The day that Michael Diamond decided to add to his look those huge silver letters attached to a gold chain, something changed among the followers of hip hop and rap in the mid-1980s. With his occurrence Mike d, as he called himself Michael, set a fashion that was quickly copied by fans of Beastie Boys, the band he had formed in New York with his friends Adam Horovitz (Ad-Rock) and Adam Yauch (MCA).
The letters in question were the "V" and "W" intertwined in a legendary insignia, that of the German brand Volkswagen. The first time Mike D showed his accessory was in 1987 in the video for the song (You Gotta) Fight For Your Right (To Party), one of the most successful of the group.
The impact on Beastie Boys fans was immediate and generated something unusual: they began to remove front grill badges from VW cars in the Detroit area to wear them on their chests.
For those years Dave Gazala I was a seller for the agency Tom Sullivan Volkswagen in Southfield, Michigan.

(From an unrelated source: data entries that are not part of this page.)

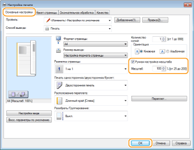 Выберите флажок [Ручная настройка масштаба]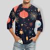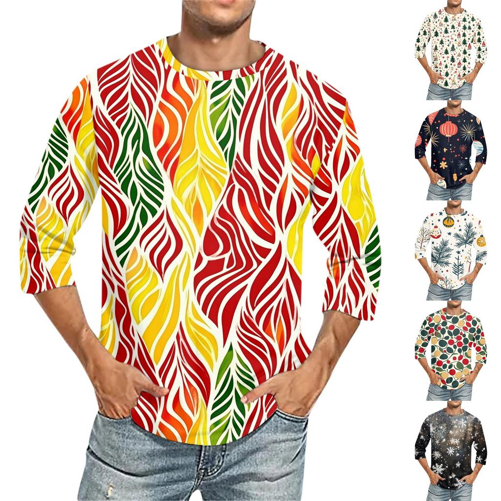 Herren-T-Shirt mit Weihnachtsdruck, Rundhalsausschnitt und Dreiviertelärmeln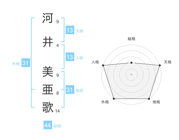 河井 美亜歌さんを姓名の画数から五運を鑑定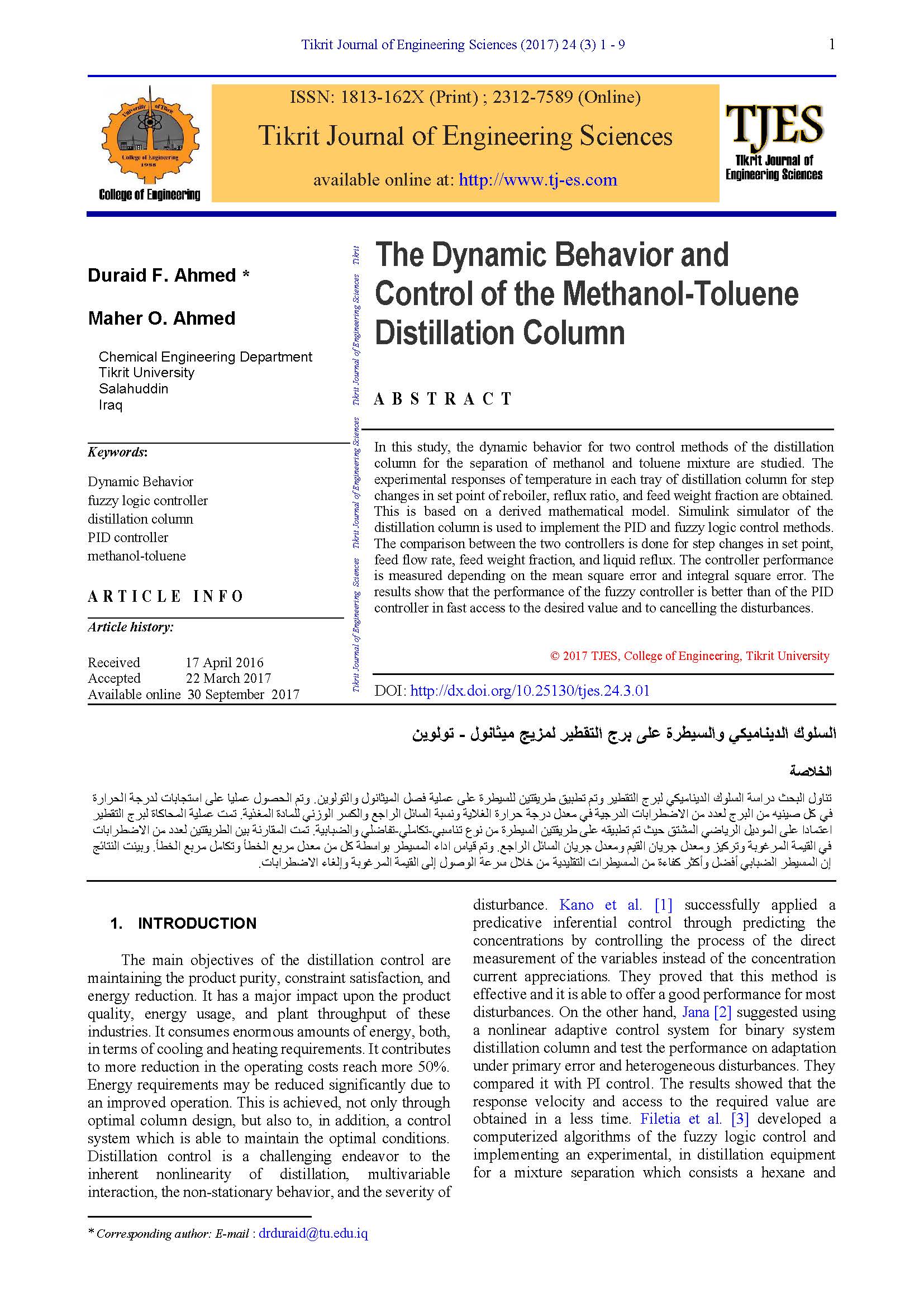 Duraid FA, Mohammed HK. Studying of the dynamic behaviour and control of continuous distillation column. Tikrit Journal of Engineering Science 2013; 20 (4): 95-110.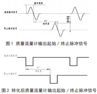 將高壓電磁流量計(jì)流量與相關(guān)測(cè)試設(shè)備連接起來,就可以進(jìn)行高壓電磁流量計(jì)的校準(zhǔn),時(shí)間差△ t 由專用試驗(yàn)測(cè)試設(shè)備可以測(cè)出。起始脈沖信號(hào)和終止脈沖信號(hào)如圖 1 所示。經(jīng)過專用試驗(yàn)測(cè)試設(shè)備信號(hào)轉(zhuǎn)化后的信號(hào)方波如圖 2 所示。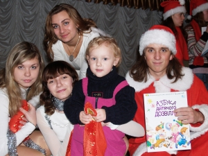 Свято пройшло феєрично, діти не скупилися на оплески, а посмішки на дитячих обличчях створювали додаткове освітлення нашої зали. По закінченню концертної програми Святий Миколай разом з янголами дарував кожній дитині подарунки. Треба було бачити, як блищали їх очі, коли вони отримували подарунки, яким заздрили навіть дорослі. Ми звозили ці подарунки з різних частин України. З Києва до дітей приїхали шикарні ігри ерудит, українською мовою, які в одеських магазинах коштують по 80 гривень, в Харкові ми замовили великі кольорові книжки «Азбука дитячого дозвілля» з серії «Енциклопедія для маленьких вундеркіндів. Солодкі подарунки робили власноруч: на складі «Рошен – Юг» закупили 46 килограм різних цукерок, 6 різновидів батончиків і шоколад, окремо купили мандарини, і ввечері перед святом зробили справжню фабрику Святого Миколая – всі ці солодощі ми розкладали по 156 чобіточкам з червоного флісу з вишивкою під золото.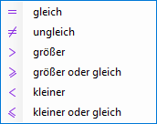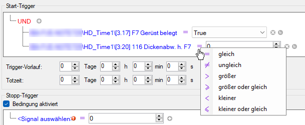 Klicken Sie auf das Operatorzeichen und wählen Sie die Operation aus, bei einem Digitalsignal z. B. gleich oder ungleich.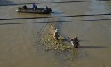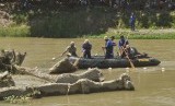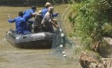 Petugas menunggu buaya liar yang terjerat ban sepeda motor muncul ke permukaan air di Sungai Palu di Palu, Sulawesi Tengah, Kamis (6/2/2020). (FOTO : ANTARA FOTO)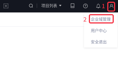 点击右上角头像icon,然后在下拉菜单中选择企业域管理,即可进入企业域管理页面。本文将介绍域管理的操作内容。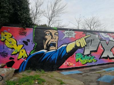 L'oeuvre est de type graffiti. Vous pouvez l'admirer dans la ville de Nantes en France et plus précisément ici : 9 Rue du Séchoir, 44100 Nantes, France.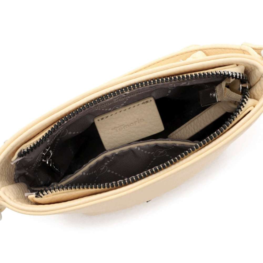 Hledáte vkusnou a jednoduchou kabelku? Potom zpozorněte! Tato dámská kabelka značky TAMARIS je zde přímo pro Vás. Na světle žlutém svršku se třpytí logo značky stříbrné barvy a jenom lehce dozdobí celkový vzhled. U horního okraje se nachází zip, po jehož rozepnutí uvnitř najdeme malé kapsičky na Vaše drobnosti. Určitě využijete i malou kapsičku na zadní části, kde budete mít věci lehce dostupné. Taštičku lze nosit přes rameno nebo přes telo, díky délkově nastavitelnému popruhu si ji můžete nastavit přesně podle Vašich představ. Tento model kabelky určitě využijete jak k formálnímu oblečení, tak k ležérním kouskům z vašeho šatníku.

Gazala experienced firsthand the fury caused by the occurrence of the Beastie Boys drummer. “Customers would come and complain that their badges were stolen. Obviously, they bought a new one to replace it. We knew right away that it was a fad and that at some point it would pass, but that the more the subject transcended, there would be more robberies ”.
And so it was, to the point that the media directly described the fans of the trio as "vandals." Of course, not everyone was stealing those emblems. Some, directly, approached VW dealers and bought them.
Mike D's style crossed the ocean and made it to Britain. Anticipating what could happen, English dealers offered free emblem replacements for customers and free replicas for rap fans. They even made advertisements with models without the "precious" symbol.
Such was the impact that Mike D produced by appearing with the VW logo that is featured as one of the great moments in rap history.